書評:原克『白物家電の神話 モダンライフの表象文化論』水声社、2012年。



ヒトと家電の生活史

原克『白物家電の神話 モダンライフの表象文化論水声社、2012年。

電気と家電製品の普及で便利になった私たちの生活。しかし便利さと引き替えに、私たちの生活は「モダンライフ神話」へ惑溺することにもなってしまった。家電抜きの生活はもはや想像することが不可能である。

本書は、手法としてバルトの神話学を念頭に置きながら、モノとして「白物」家電の変遷とそれが触発する生活世界の意義を解き明かす記号論となっている。

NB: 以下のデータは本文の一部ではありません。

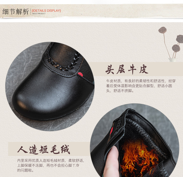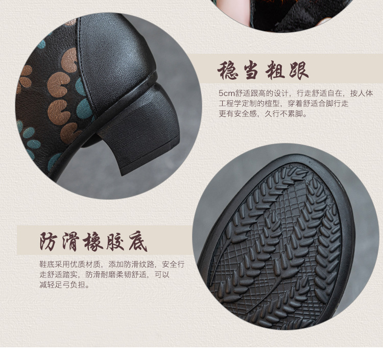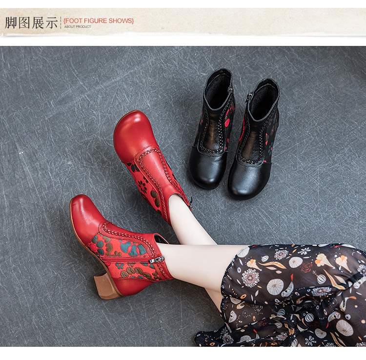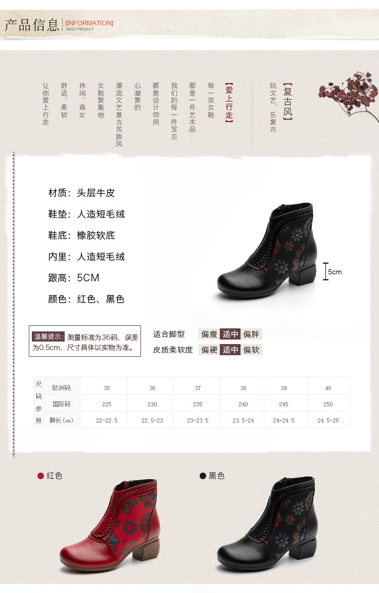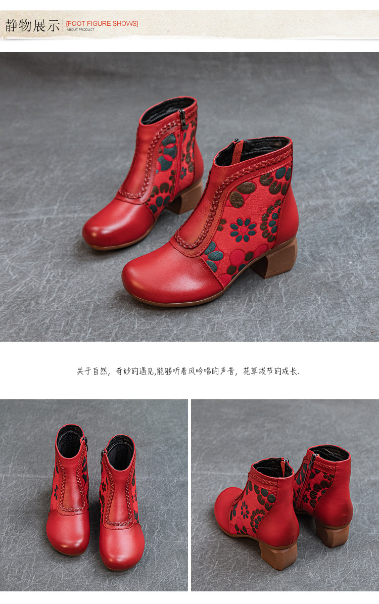 GL20239靴子女2023秋冬新款民族风真皮拼色印花女靴粗跟软底短靴 商品图3

例えば冷蔵庫に注目してみよう。もともと冷蔵庫は「冷蔵函」。それに外付けの冷却装置が付き、徐々に冷蔵庫になっていく。興味深いのは、もともとは、家具調の仕立てだったということ。これが「清潔」や「寒さ」、そして科学者の白衣をイメージする「白」に取って代わっていく。

記号論?と聞くと本書を手に取ることに躊躇を覚える方もいよう。しかし、文化と社会、そして政治的含意が交差するのは、人間の生活である。その意味の変遷を丁寧に追跡する本書は、時代史・生活史としても抜群に面白い。